2019年1月21日月曜日

【回転窓】時代の流れを読む建築家

〈優良な社会資産を「美しい」というもので包みたい〉。昨年12月25日に亡くなった建築家の中園正樹氏(松田平田設計最高顧問・前社長)が生前、話していた言葉だ▼若いころに手掛けた玉川高島屋をはじめ、横浜国際総合競技場や羽田空港第2旅客ターミナルなど多くの秀作を設計。建築に対する理念と情熱、独特の語り口は多くの人を魅了した▼建築家としての業績に目がいきがちだが、中園氏は堅実なかじ取りをする経営者でもあった。社長就任はバブル崩壊後の1995年9月。
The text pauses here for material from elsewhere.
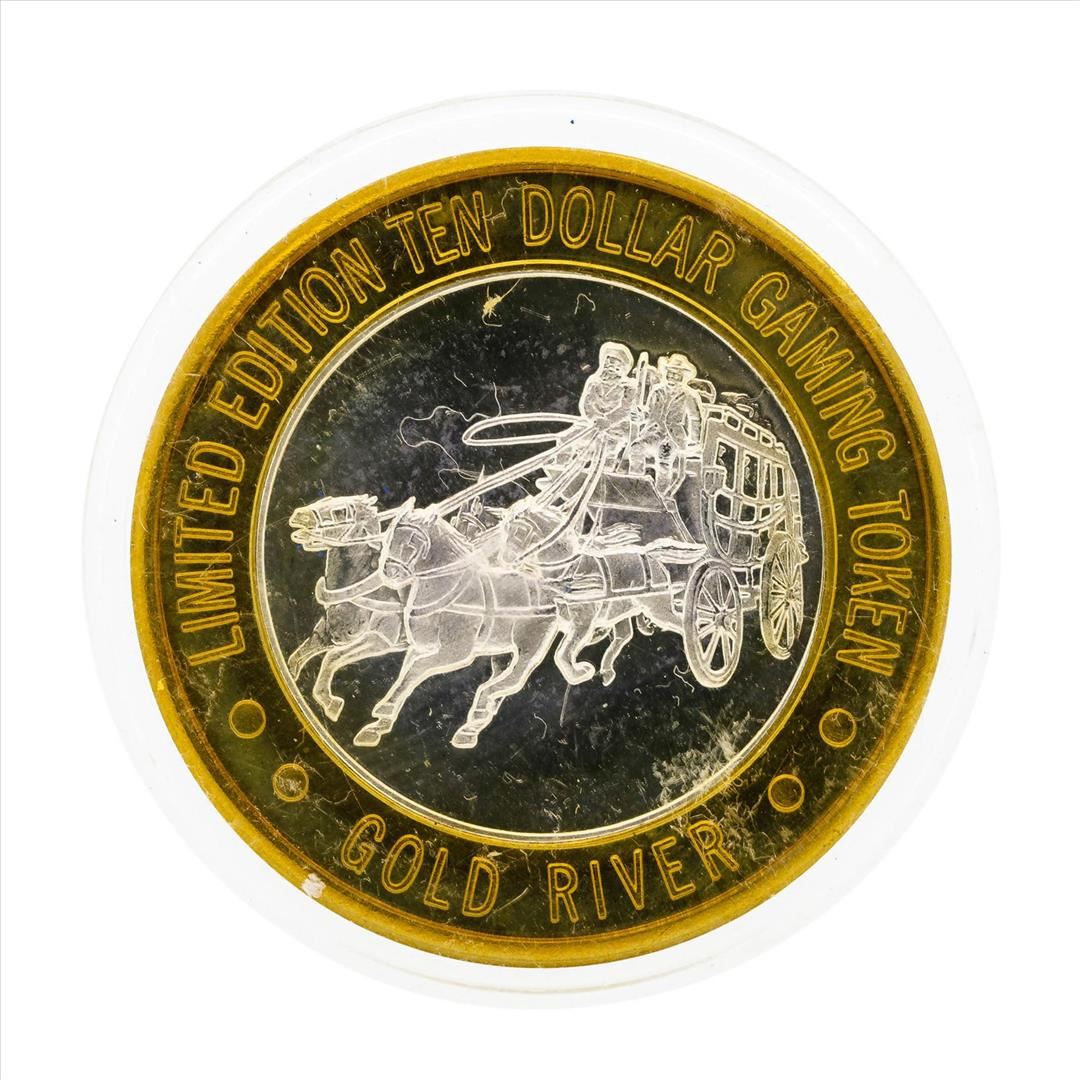 One .999 Silver Gold River Gambling Hall and Resort $10 Casino Gaming Token Limited Edition.

先の見えない景気後退の中で身の丈に合った経営に徹し、昨年12月6日付で最高顧問に就くまでの約四半世紀、組織設計事務所の安定経営に心を砕き続けた▼環境が変化する中、現状を維持することは極めて難しい。毎年お願いしていたインタビューの際、「松田平田設計はいつもと変わらない1年だったよ」と笑顔で語る姿がまぶたの裏に焼き付いている▼優れた提案力や設計力だけでなく、時代の流れを読む力に秀でた建築家であり経営者だった。「明日からさらにいい建築をつくろう」と、空から後進に温かいまなざしを向けているはずだ。